Aloo Poha makes for a wholesome and delicious Breakfast recipe to accompany your morning cup of tea, juice or shake. This recipe of Gujarati Aloo Poha has a beautiful medley of savory, tangy, mild spicy and sweet flavors that you can cook in a blink of an eye.
One peculiar thing about this Gujarati Poha is that it uses chopped green chilli instead of red chilli powder alongwith a hint of sugar and is served with a generous sqeeze of lime juice, freshly chopped coriander and sev/farsaan. This version is so popular that it is ofen served in Canteens and Street stalls and people love relishing it with tea and Khatti Chutney.

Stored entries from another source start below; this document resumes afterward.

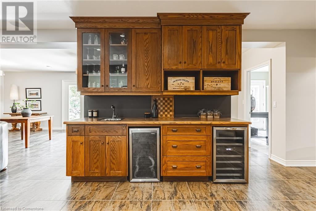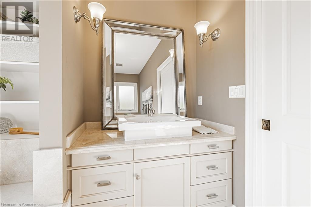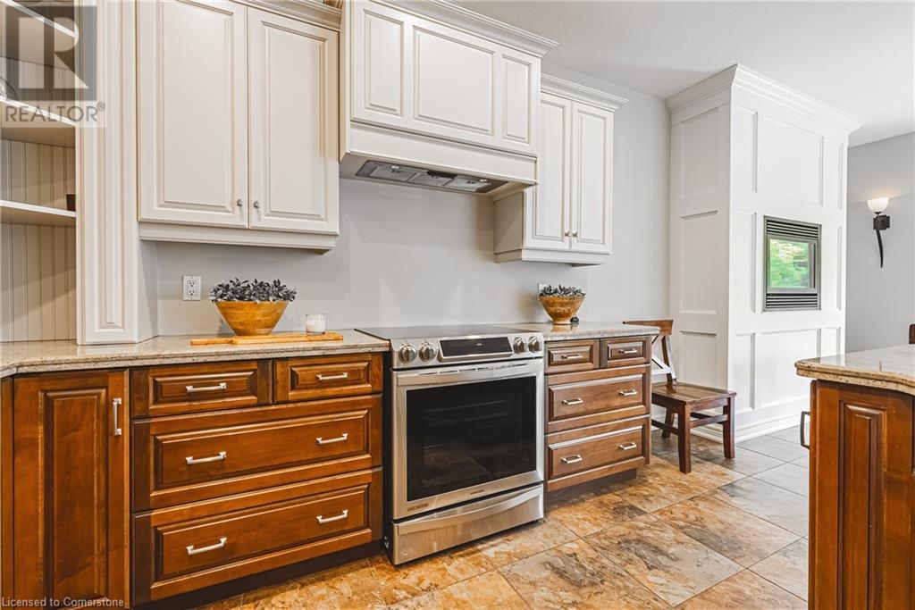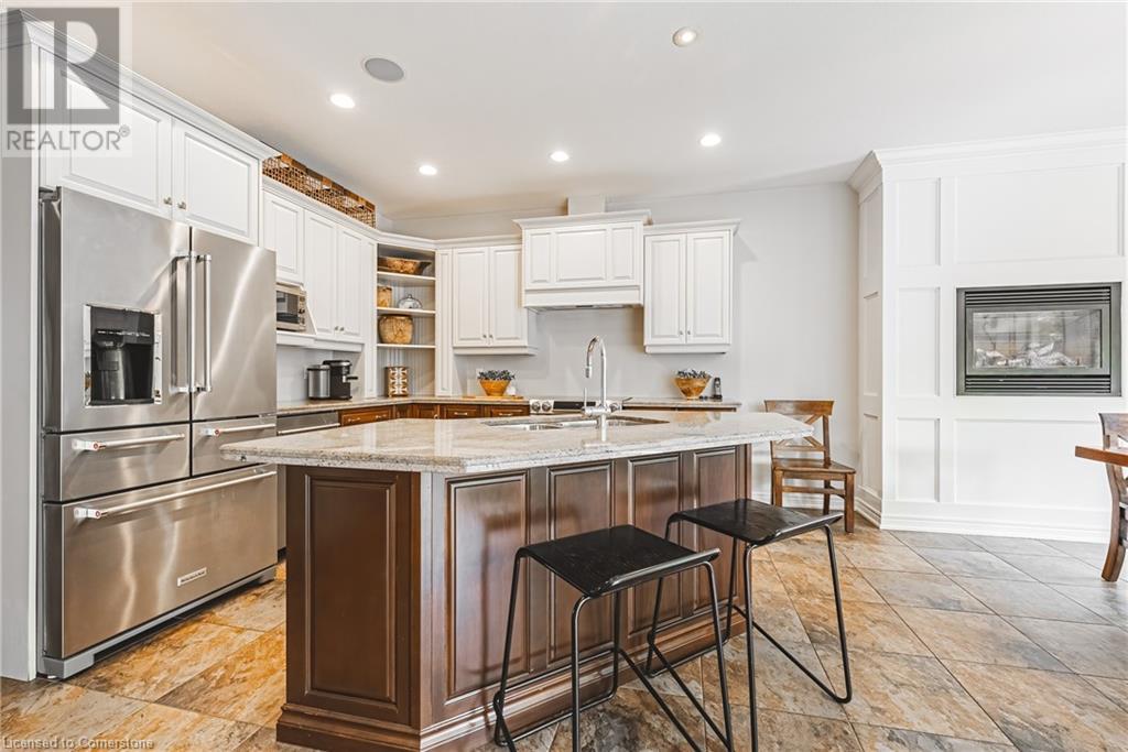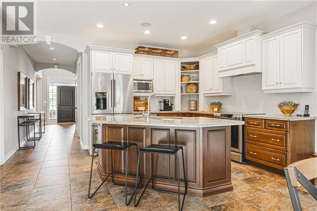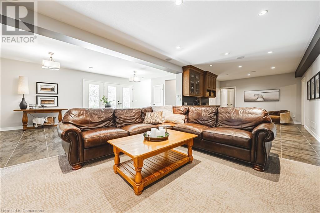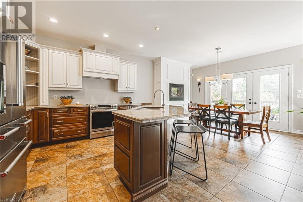 Incredible Lucchetta built bungalow on a quiet court in Welland's prestigious Brookhaven community. This meticulously crafted home offers 4+1 bedrooms and a finished basement with surround sound, a wet bar and a walkout to the serene backyard. The private primary suite boasts a spacious walk-in closet, luxurious ensuite, and access to a balcony overlooking the beautifully landscaped grounds. The backyard is an oasis with lush greenspace, a peaceful koi pond, and a hot tub, providing the perfect retreat. Inside, enjoy built-in speakers throughout, three fireplaces adding warmth and ambiance, and custom built-ins offering both style and functionality. The kitchen features high-end appliances and is perfect for entertaining. Designed for those who appreciate exceptional quality, privacy, and tranquility in a picturesque setting. (id:55009)
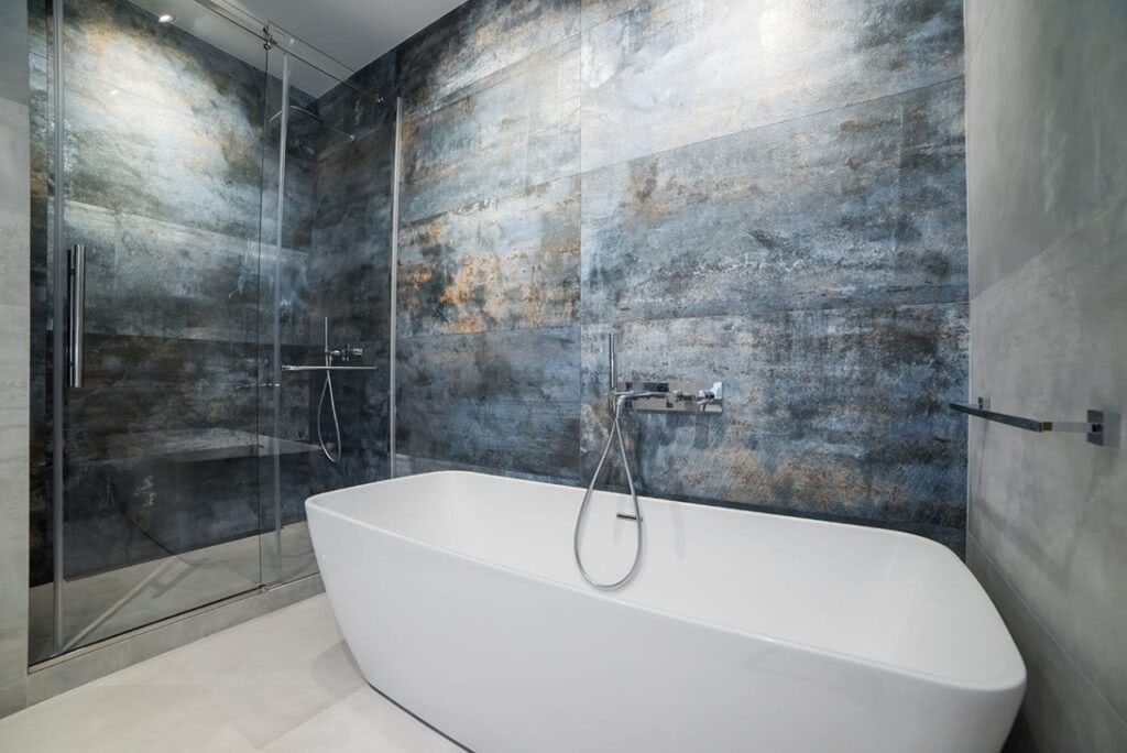 Плитка для ванных комнат и кухонь с металлической отделкой уже появлялась в прошлогодних предложениях производителей плитки для ванных комнат и кухонь. Однако в этом году металл — одна из самых важных тенденций, и в ванных комнатах от пола до потолка появляются отблески серебра, золота или меди.
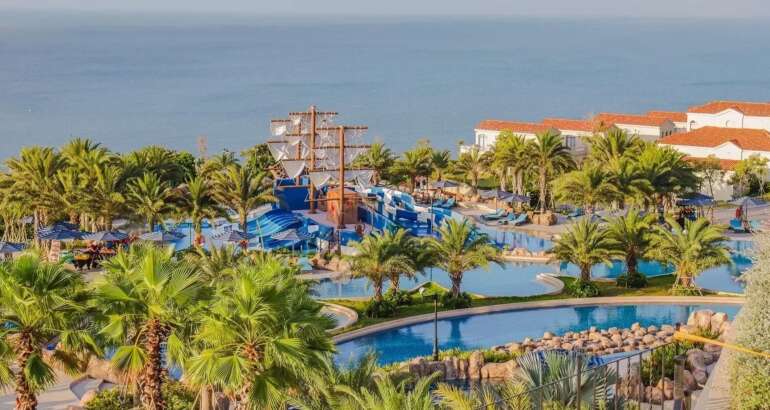 Resort lấy cảm hứng phiêu lưu, thiết kế Địa Trung Hải, phù hợp gia đình, có công viên nước, spa, nhà hàng, view biển đẹp.

This is a No Onion Garlic Recipe, hence the moistness that usually comes from onions in a regular poha dish, here it comes from boiled potatoes. Some people prefer cooking diced potatoes and then adding it to poha, but keeping things simple we are making this dish with pre boiled potatoes. This speeds up the process as you can boil potatoes a day before and use it next morning to make this wonderful breakfast bowl.
Poha is an all time favorite dish of many as it is easy to cook and makes mornings easier. That is why probably it is the most sought after Breakfast for rushed mornings. Having Poha regularly can also prevents you from Iron deficiency as every 100 gms. of raw poha contains about 25 mg. of Iron.
There are enormous ways to cook Poha like the Banarsi Choora Matar from Uttar Pradesh & Bihar that is especially made in winters with seasonal peas and tomatoes. Indori Poha from Jharkhand is cooked with lots of onion, chilli and peanuts hence it has a wonderful crunch in every bite. One can also make Poha Pulao for Main Course with assorted veggies, ginger, garlic and freshly pounded spices. Besides these savory dishes Poha Kheer or Payasam is a rich and drooling Dessert that one can make instantly with much of preparations. We also share recipe of amazing Farsaan with Poha I.e. Poha Namkeen that makes a crisp and drooling snack for Tea Time.